::: Supplied material :::
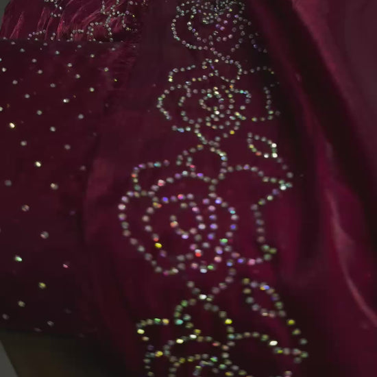 Premium Korean Sheesha Silk 3pc Suit, this suit offers a soft, smooth texture with an exquisite sheen. It features stunning diamond stone embellishments, adding just the right touch of sparkle to your look. The full shirt 2.5 yard is designed with intricate detailing to enhance your silhouette, while the 2.5 yard dupatta with a beautiful flower-cut pattern completes the ensemble. Paired with a soft silk shalwar.
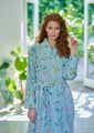 The Les Fleurs Bathrobe has a design of graceful flower sprigs with small decorated fantasy flowers. The inside of the bathrobe has a solid blue color. The bathrobe has a beautifully fitted quilted collar, side pockets and closes with a long belt. The Les Fleurs bathrobe is made of 100% high-quality cotton terry velor.
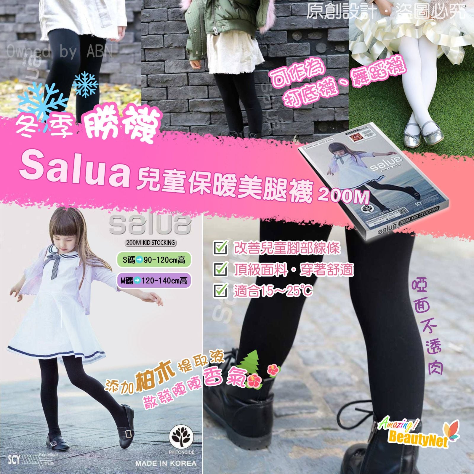 韓國Salua 兒童保暖美腿襪 200M (一套兩對)
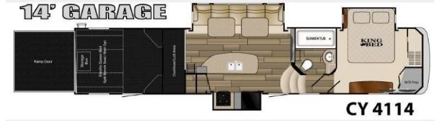 4114 Cyclone Package: 5.5 Onan Generator with Auto Start Triple Axle, 7000 lb. Dexter Axles, G Rated Tires, Correct Track Alignment, Hydraulic 6 pt Auto Leveling, 16 inch Aluminum Wheels, Solar Prep, Rear Camera Prep, Canadian Arctic Package with Enclosed and Heated Underbelly, 18 cu ft Refer, 20 Gallon Water Heater, 3x15 BTU AC/Heater, Fireplace, 50 AMP Service, Hidden Hinges, Solid Surface Counter-tops, Dark Tinted Max Vent Windows, 1 inch Thick Insulated Slam Storage Doors with Full Screen Doors, 14 ft. Garage with Garage D-Rings, Sliding Glass Door between Living Area and Garage, 1 Piece Full Size Fiberglass Shower, 3 Electric Side Awning with LED Lighting, Dirt Devil Central Vacuum, Stainless Steel Appliances and Hardware, 30 Gal Fuel Station and Timer, Universal Dock Center, 32 inch Bedroom TV, 58 inch LCD TV, Separate AM/FM Stereo w/CD/DVD/MP3 in Garage w/ Exterior Speakers, 5.1 Digital Dolby Surround Zone Entertain System with Bluetooth and BlueRay, Rear Screen, EZ Flex Suspension, LP Quick Connect, Battery Disconnect, Washer/Dryer Prep, Rear Electric Queen Beds w/ Convertible Sofa, Queen Drop-down Bed, Twin Size Loft Bed, LED Lighting, Basset High End Residential Furniture with Massage Recliners, with USB and outlets, Full Body Paint, Lots of storage inside and out.
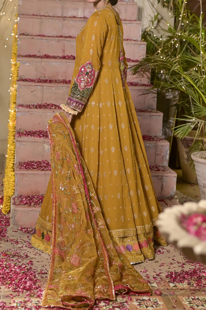 You will become the epitome of elegance and grace in Rafia, Mehandi collection, dazzling in this exquisite ensemble. The use of zari chiffon fabric in the peshwas creates a soft and ethereal texture, while the heavy embroidered duppata add a lap of luxury. The intricate embroidery work in golden with multi hues is a testament to traditional cultural ensembles, while the use of resham, zari, and sequins adds a touch of glamour and modernity. The broad multi border work on the Hem is completing the look.
:::
**What this task involves**
Return the lines above exactly; the images are not part of the copy.

**Problem solution**
 Premium Korean Sheesha Silk 3pc Suit, this suit offers a soft, smooth texture with an exquisite sheen. It features stunning diamond stone embellishments, adding just the right touch of sparkle to your look. The full shirt 2.5 yard is designed with intricate detailing to enhance your silhouette, while the 2.5 yard dupatta with a beautiful flower-cut pattern completes the ensemble. Paired with a soft silk shalwar.
 The Les Fleurs Bathrobe has a design of graceful flower sprigs with small decorated fantasy flowers. The inside of the bathrobe has a solid blue color. The bathrobe has a beautifully fitted quilted collar, side pockets and closes with a long belt. The Les Fleurs bathrobe is made of 100% high-quality cotton terry velor.
 韓國Salua 兒童保暖美腿襪 200M (一套兩對)
 4114 Cyclone Package: 5.5 Onan Generator with Auto Start Triple Axle, 7000 lb. Dexter Axles, G Rated Tires, Correct Track Alignment, Hydraulic 6 pt Auto Leveling, 16 inch Aluminum Wheels, Solar Prep, Rear Camera Prep, Canadian Arctic Package with Enclosed and Heated Underbelly, 18 cu ft Refer, 20 Gallon Water Heater, 3x15 BTU AC/Heater, Fireplace, 50 AMP Service, Hidden Hinges, Solid Surface Counter-tops, Dark Tinted Max Vent Windows, 1 inch Thick Insulated Slam Storage Doors with Full Screen Doors, 14 ft. Garage with Garage D-Rings, Sliding Glass Door between Living Area and Garage, 1 Piece Full Size Fiberglass Shower, 3 Electric Side Awning with LED Lighting, Dirt Devil Central Vacuum, Stainless Steel Appliances and Hardware, 30 Gal Fuel Station and Timer, Universal Dock Center, 32 inch Bedroom TV, 58 inch LCD TV, Separate AM/FM Stereo w/CD/DVD/MP3 in Garage w/ Exterior Speakers, 5.1 Digital Dolby Surround Zone Entertain System with Bluetooth and BlueRay, Rear Screen, EZ Flex Suspension, LP Quick Connect, Battery Disconnect, Washer/Dryer Prep, Rear Electric Queen Beds w/ Convertible Sofa, Queen Drop-down Bed, Twin Size Loft Bed, LED Lighting, Basset High End Residential Furniture with Massage Recliners, with USB and outlets, Full Body Paint, Lots of storage inside and out.
 You will become the epitome of elegance and grace in Rafia, Mehandi collection, dazzling in this exquisite ensemble. The use of zari chiffon fabric in the peshwas creates a soft and ethereal texture, while the heavy embroidered duppata add a lap of luxury. The intricate embroidery work in golden with multi hues is a testament to traditional cultural ensembles, while the use of resham, zari, and sequins adds a touch of glamour and modernity. The broad multi border work on the Hem is completing the look.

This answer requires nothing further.